(Beginning of SUPPLIED RECORDS)

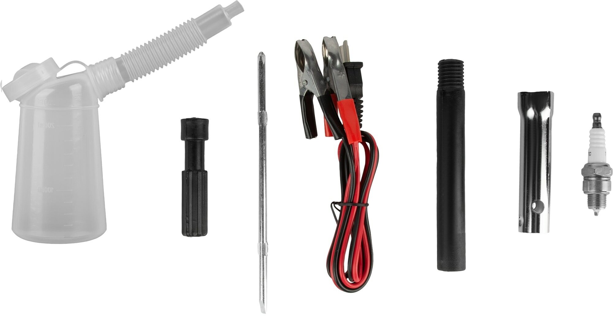 Широкая горловина бензобака. Есть ручка для переноса.
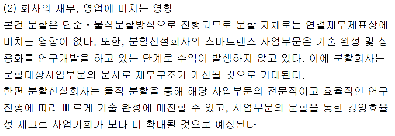 그리고 오늘 공시 있다고 바쁘시다 했는데, 당연히 잠정실적인 줄 알았는데 그게 아니고 스마트렌즈분할도 있었다.
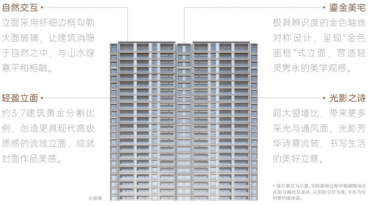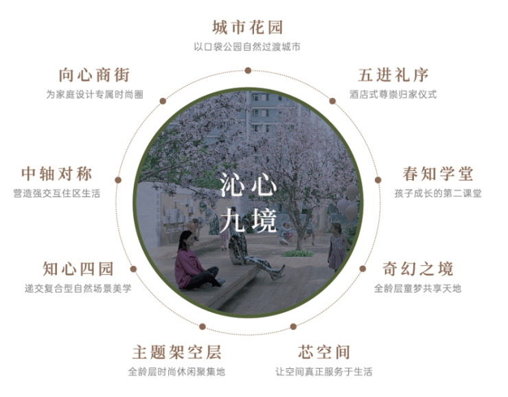 秉持“以人为本”的设计理念,将自然、艺术、生活有机融合,以“沁心九境”营造人与自然互动的空间氛围,打造心与心结合家庭交互式成长住区。
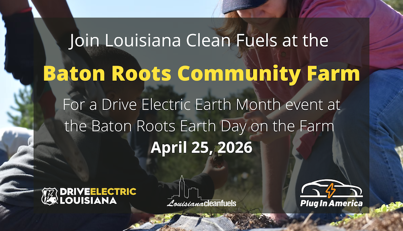 Join Louisiana Clean Fuels and Drive Electric Louisiana at the Baton Roots Community Farm & Garden Network for a special National Drive Electric Earth Month event! Experience electric vehicles up close with ride and drive opportunities featuring multiple EV models, talk with local EV owners, and get your questions answered about charging and real-world ownership. Interested in volunteering? Join us!
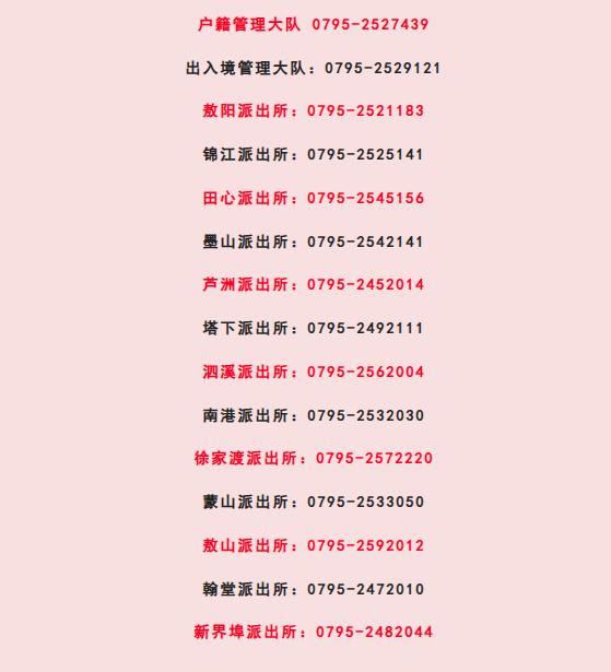 上高县各派出所户籍窗口和出入境大队办事窗口咨询电话汇总表
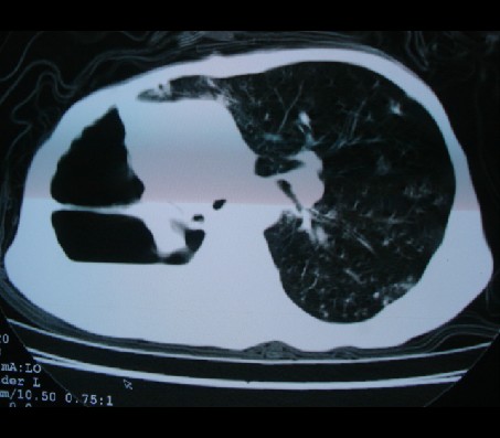 以下是引用随光逐影在2008-12-11 9:24:00的发言:[br]1)两肺继发性肺结核,右肺多发空洞形成并感染,伴左肺支气管播散。2)右侧胸膜增厚、粘连。3)纵隔疝(左→右)。
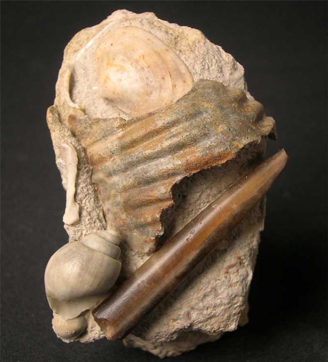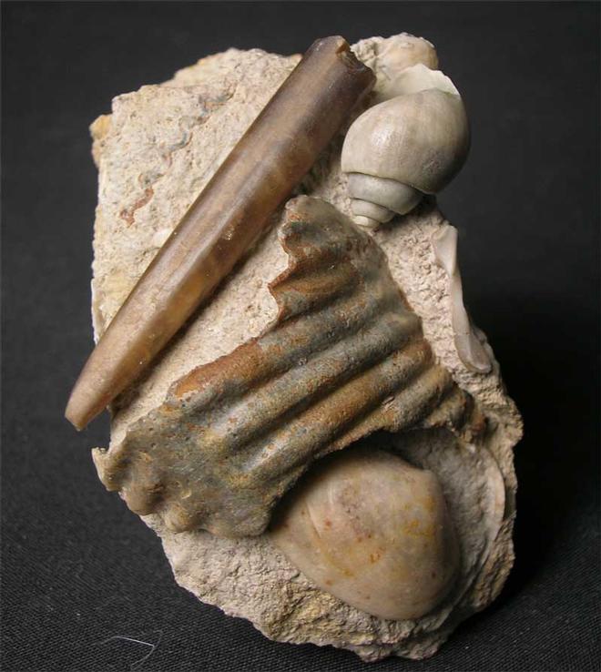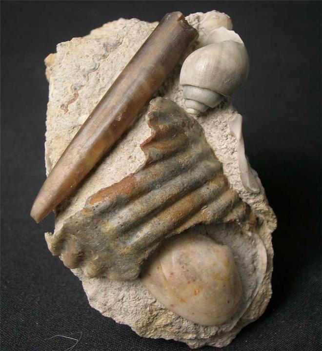| This beautiful assemblage includes a Gastropod,Belemnite, Bivalve and ammonite fragment. These multi specimens are a snapshot of the sea floor some 167 million years ago and with careful preparation can reveal exquisite detail such as this fossil. Becoming increasingly rare thesedays. |
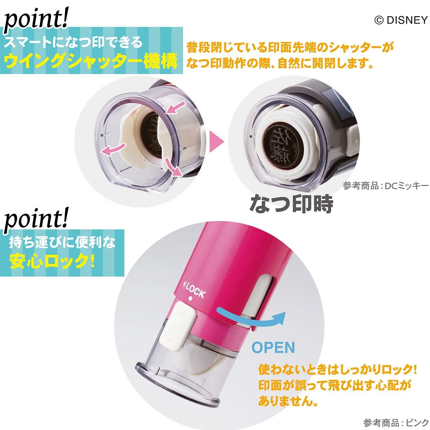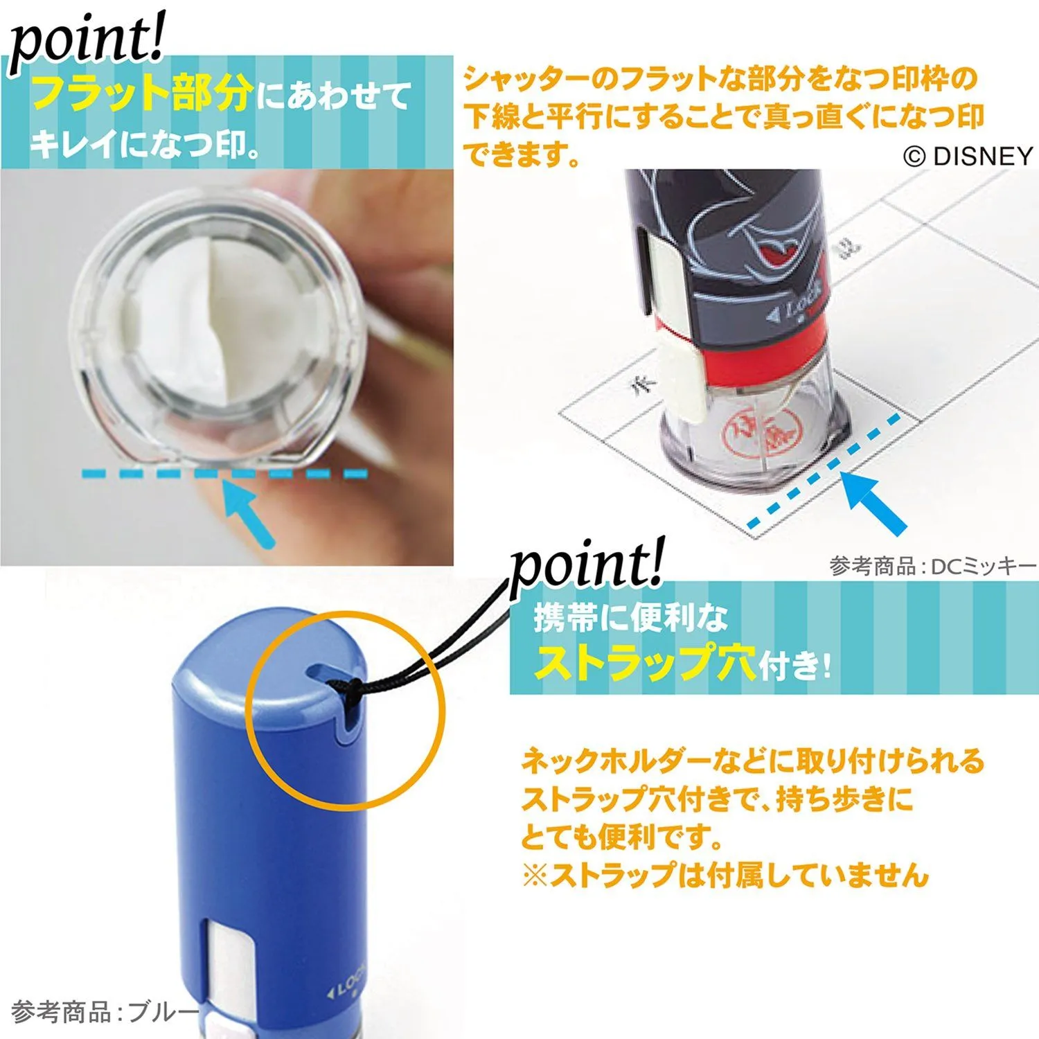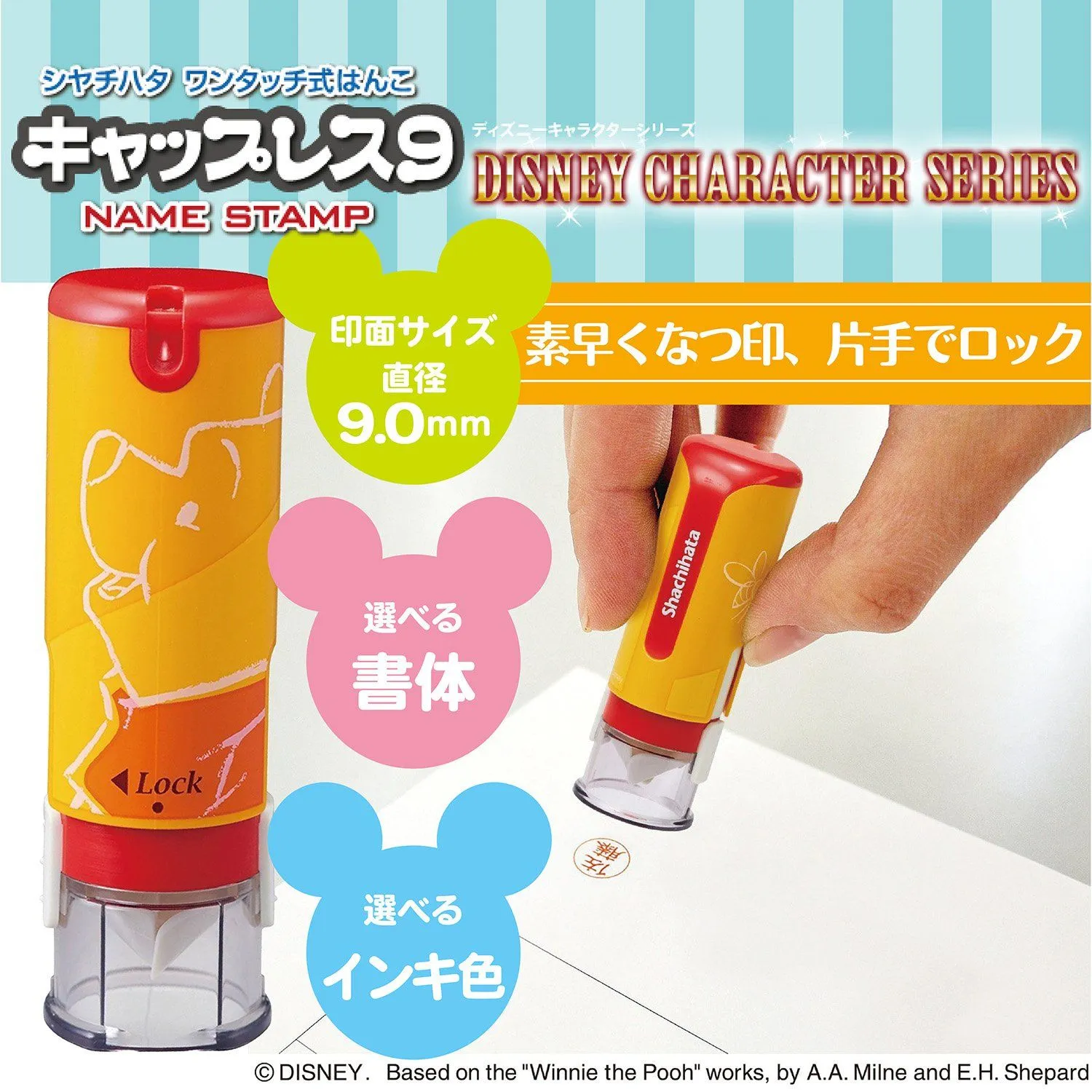 【特長】キャップレスタイプ・ストラップホール付き かわいい「ディズニーキャラクター」デザインのネーム印。 素早くなつ印、片手でかんたんロックができる。キャップがいらないシャチハタ印! 印面サイズは9mm。 スマートになつ印できるウイングシャッター機構を採用。普段閉じている印面先端のシャッターがなつ印動作の際、自然に開閉します。 シャッターのフラットな部分をなつ印枠の下線と平行にすることで真っ直ぐになつ印できます。 使う時以外はしっかりロックできるので、印面が誤って飛び出す心配がありません。 携帯に便利なストラップ穴付きです。 最後までご確認頂き誠にありがとうございました。 上記をご確認頂き、ご購入いただけましたら幸いです。 何かご不明な点がございましたらお気軽にメッセージからお問い合わせ下さい。
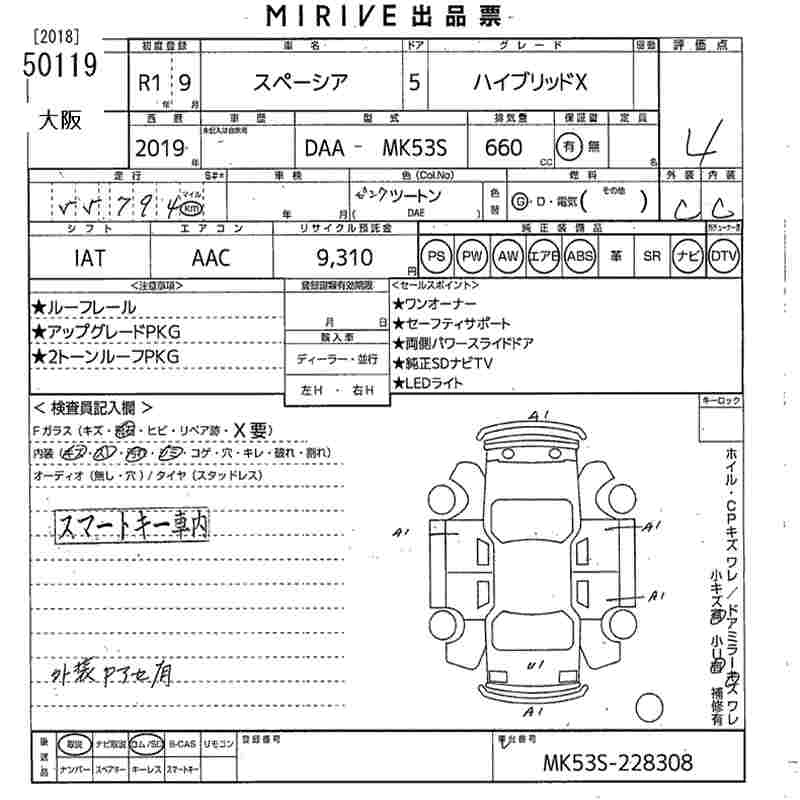 Год выпуска2019 Пробег 56 000 км КузовMK53S Комплектация HYBRID X
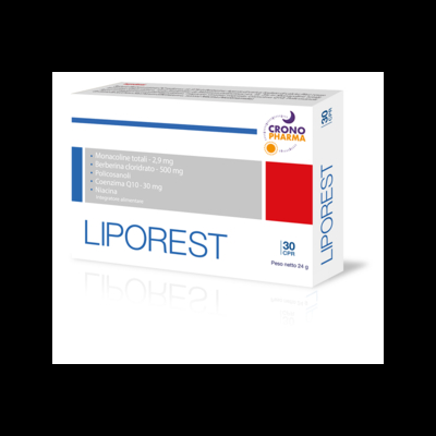 LIPOREST Descrizione Integratore alimentare a base di berberina, riso rosso fermentato da Monascus purpureus, coenzima Q10, policosanoli e niacina utile nei casi di ridotto apporto con la dieta o di aumentato fabbisogno di questi nutrienti. Ingredienti Berberis (Berberis aristata DC) radice e.s. tit. 97% in berberina; agente di carica: fosfato di calcio; riso rosso fermentato (Oryza sativa L., seme fermentato da Monascus purpureus) e.s. tit. 3% in monacoline totali; agenti antiagglomeranti: polivinilpirrolidone, magnesio stearato vegetale; coenzima Q10, policosanoli da canna da zucchero (Saccharum officinarum L., succo), niacina (nicotinamide). Caratteristiche nutrizionali Valori medi per 1 compressa Berberina cloridrato 500 mg Riso rosso pari a monacoline totali 95 mg 2, 85 mg Coenzima Q10 30 mg Policosanoli 15 mg Niacina 10 mg (62, 5% VNR*) *VNR: Valori Nutritivi di Riferimento Modalità d'uso Assumere 1 compressa al giorno da deglutire con acqua durante o sub...
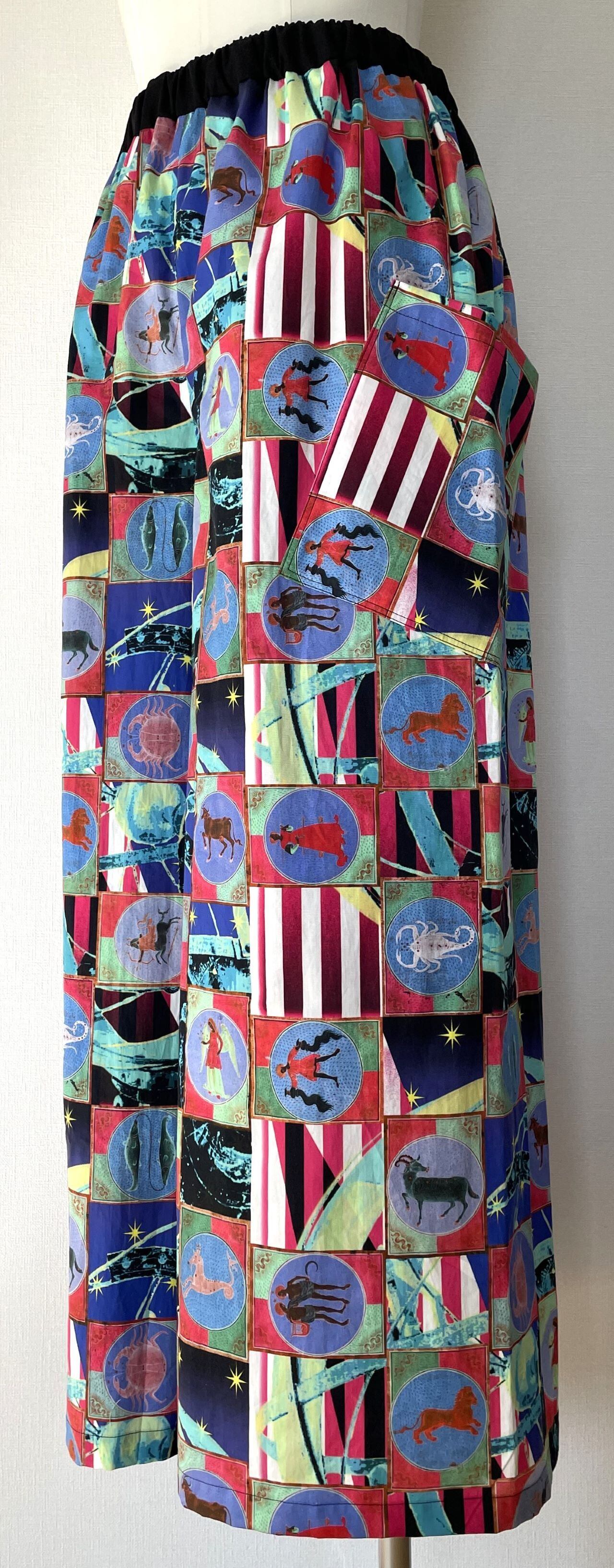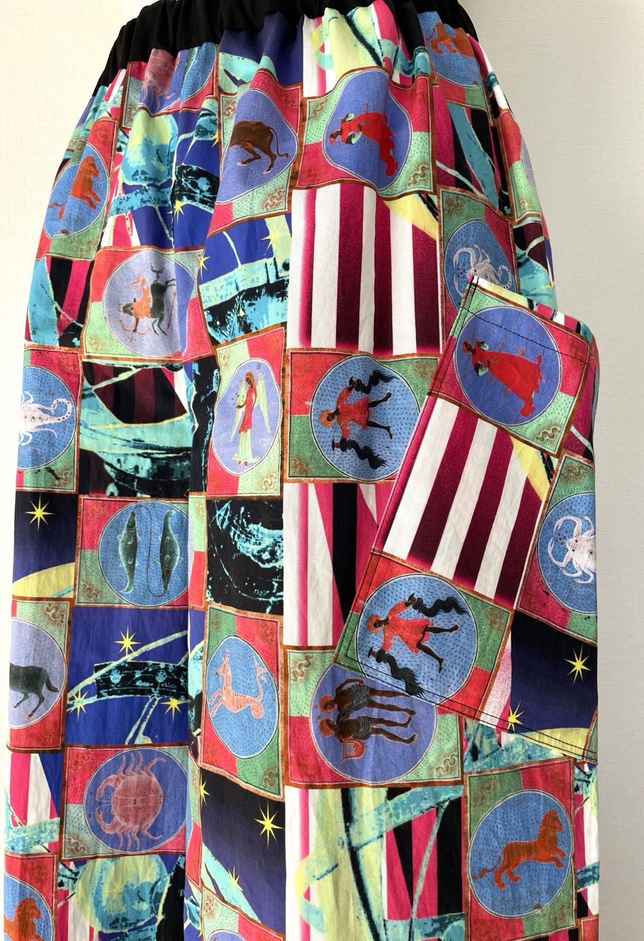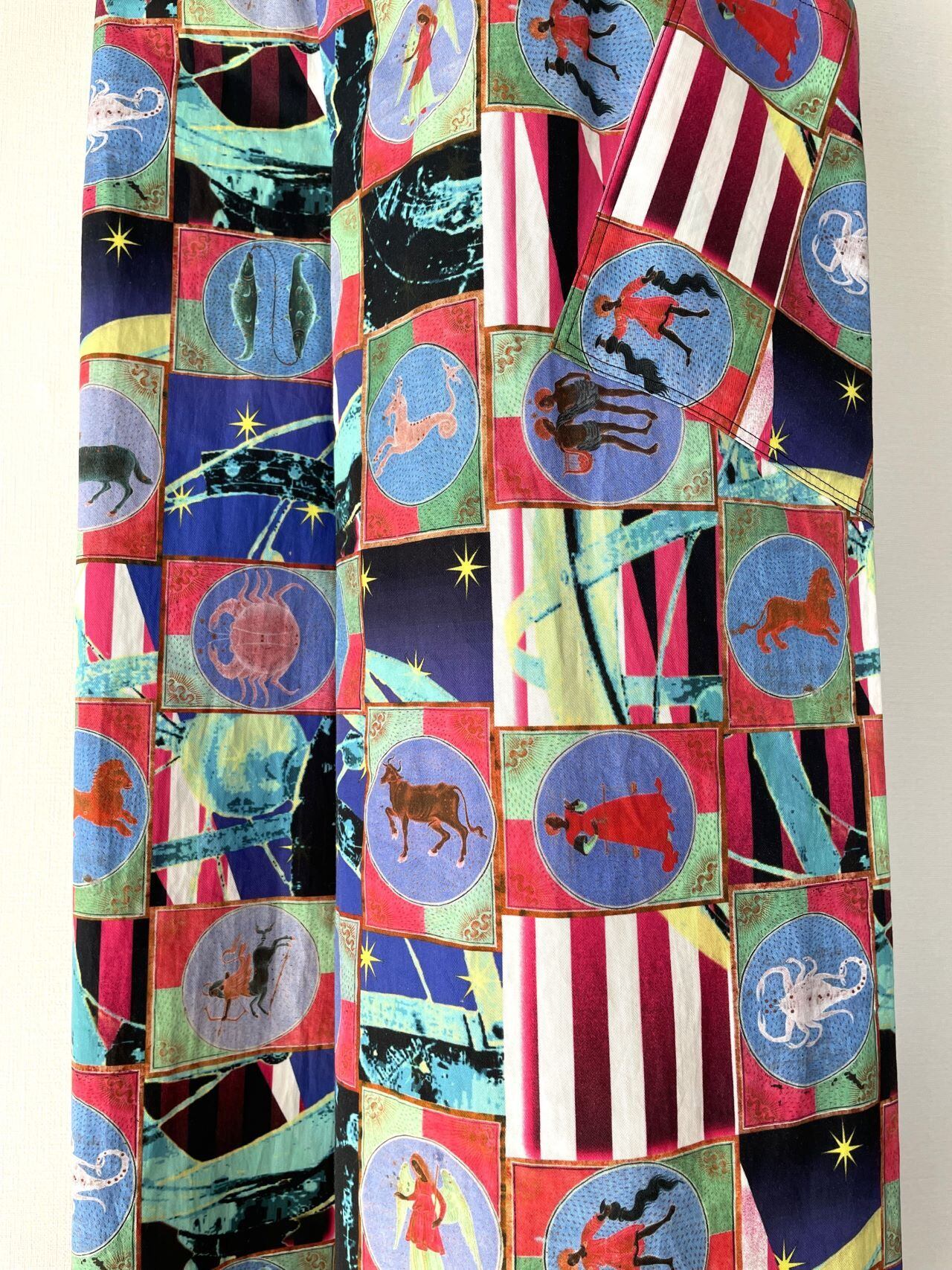 自身で描いたコラージュアートをプリントした生地で、型紙、縫製まですべての工程をデザイナー自身が行いました。

(End of SUPPLIED RECORDS)

Skipping the pictures, print the lines in the listing above exactly as written, starting at the line with "上高县各派出所户籍窗口和出入境大队办事窗口咨询电话汇总表" and ending at the line with "以下是引用随光逐影在2008", both included.

 上高县各派出所户籍窗口和出入境大队办事窗口咨询电话汇总表
 以下是引用随光逐影在2008-12-11 9:24:00的发言:[br]1)两肺继发性肺结核,右肺多发空洞形成并感染,伴左肺支气管播散。2)右侧胸膜增厚、粘连。3)纵隔疝(左→右)。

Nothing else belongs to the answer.